Solve the system of equations by the elimination method 9/x++3/8y=-9/4 and -1/9x+5/4y=1/9
first step is usually to get rid of the nasty fractions. I see there's a typo in the first equation. I'll just assume 9/4 x. If wrong, fix it and follow the same steps to solution.
18x + 3y = -18
-4x + 45y = 4
or
6x + y = -6
-4x + 45y = 4
multiply to get rid of x:
12x + 2y = -12
-12x + 135y = 12
Now add the two equations to get
137y = 0
y = 0
so, x = -1
If I made the wrong guess, fix it and follow similar steps to solution.

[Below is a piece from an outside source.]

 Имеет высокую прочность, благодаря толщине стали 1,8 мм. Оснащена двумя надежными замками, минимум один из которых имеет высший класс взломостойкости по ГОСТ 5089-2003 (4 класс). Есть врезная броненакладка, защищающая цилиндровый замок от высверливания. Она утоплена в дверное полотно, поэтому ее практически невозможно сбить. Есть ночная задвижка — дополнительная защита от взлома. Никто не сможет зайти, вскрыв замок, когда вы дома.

To solve the system of equations using the elimination method, we need to eliminate one variable by manipulating the equations and then solve for the remaining variable.

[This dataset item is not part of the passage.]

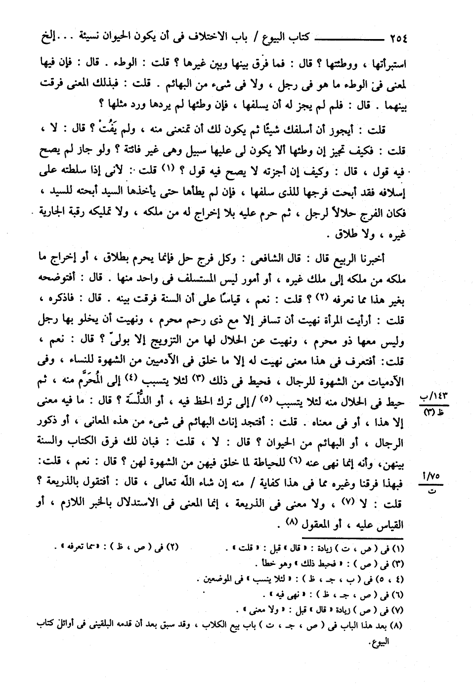 قَالَ الشَّافِعِيُّ : وَكُلُّ فَرْجٍ حَلَّ فَإِنَّمَا يَحْرُمُ بِطَلاَقٍ أَوْ إخْرَاجِ مَا مَلَكَهُ إلَى مِلْكِ غَيْرِهِ أَوْ أُمُورٍ لَيْسَ الْمُسْتَسْلِفُ فِي وَاحِدٍ مِنْهَا قَالَ أَفَتُوَضِّحُهُ بِغَيْرِ هَذَا مِمَّا نَعْرِفُهُ ؟ قُلْت نَعَمْ قِيَاسًا عَلَى أَنَّ السُّنَّةَ فَرَّقَتْ بَيْنَهُ قَالَ فَاذْكُرْهُ قُلْت أَرَأَيْت الْمَرْأَةَ نُهِيَتْ أَنْ تُسَافِرَ إلَّا مَعَ ذِي رَحِمٍ مَحْرَمٍ وَنُهِيَتْ أَنْ يَخْلُوَ بِهَا رَجُلٌ وَلَيْسَ مَعَهَا ذُو مَحْرَمٍ وَنُهِيَتْ عَنْ الْحَلاَلِ لَهَا مِنْ التَّزْوِيجِ إلَّا بِوَلِيٍّ ؟ قَالَ نَعَمْ قُلْت أَفَتَعْرِفُ فِي هَذَا مَعْنَى نُهِيَتْ لَهُ إلَّا مَا خُلِقَ فِي الْآدَمِيِّينَ مِنْ الشَّهْوَةِ لِلنِّسَاءِ وَفِي الْآدَمِيَّاتِ مِنْ الشَّهْوَةِ لِلرِّجَالِ فَحِيطَ فِي ذَلِكَ لِئَلَّا يُنْسَبَ إلَى الْمُحَرَّمِ مِنْهُ , ثُمَّ حِيطَ فِي الْحَلاَلِ مِنْهُ لِئَلَّا يُنْسَبَ إلَى تَرْكِ الْحَظِّ فِيهِ أَوْ الدُّلْسَةِ ؟ قَالَ مَا فِيهِ مَعْنَى إلَّا هَذَا أَوْ فِي مَعْنَاهُ قُلْت أَفَتَجِدُ إنَاثَ الْبَهَائِمِ فِي شَيْءٍ مِنْ هَذِهِ الْمَعَانِي أَوْ ذُكُورَ الرِّجَالِ أَوْ الْبَهَائِمِ مِنْ الْحَيَوَانِ ؟ قَالَ لاَ قُلْت فَبَانَ لَك فَرْقُ الْكِتَابِ وَالسُّنَّةِ بَيْنَهُنَّ وَأَنَّهُ إنَّمَا نُهِيَ عَنْهُ لِلْحِيَاطَةِ لِمَا خُلِقَ فِيهِنَّ مِنْ الشَّهْوَةِ لَهُنَّ ؟ قَالَ نَعَمْ قُلْت فَبِهَذَا فَرَّقْنَا وَغَيْرِهِ مِمَّا فِي هَذَا كِفَايَةٌ مِنْهُ إنْ شَاءَ اللَّهُ تَعَالَى , قَالَ أَفَتَقُولُ بِالذَّرِيعَةِ ؟ قُلْت لاَ , وَلاَ مَعْنَى فِي الذَّرِيعَةِ إنَّمَا الْمَعْنَى فِي الِاسْتِدْلاَلِ بِالْخَبَرِ اللَّازِمِ أَوْ الْقِيَاسِ عَلَيْهِ أَوْ الْمَعْقُولِ .@

Let's start by eliminating the x variable. We can do this by multiplying the first equation by 9 and the second equation by 8 to make the coefficients of x to be opposites of each other.
Multiplying the first equation by 9:
9 * (9/x) + 9 * (3/8y) = 9 * (-9/4)
81/x + 27/8y = -81/4
Multiplying the second equation by 8:
8 * (-1/9x) + 8 * (5/4y) = 8 * (1/9)
-8/9x + 10/9y = 8/9
Now we have the following system of equations:
81/x + 27/8y = -81/4
-8/9x + 10/9y = 8/9
To eliminate the x variable, we need to make the coefficients of x in both equations equal. To do this, we can multiply the first equation by -8/9 and the second equation by 81.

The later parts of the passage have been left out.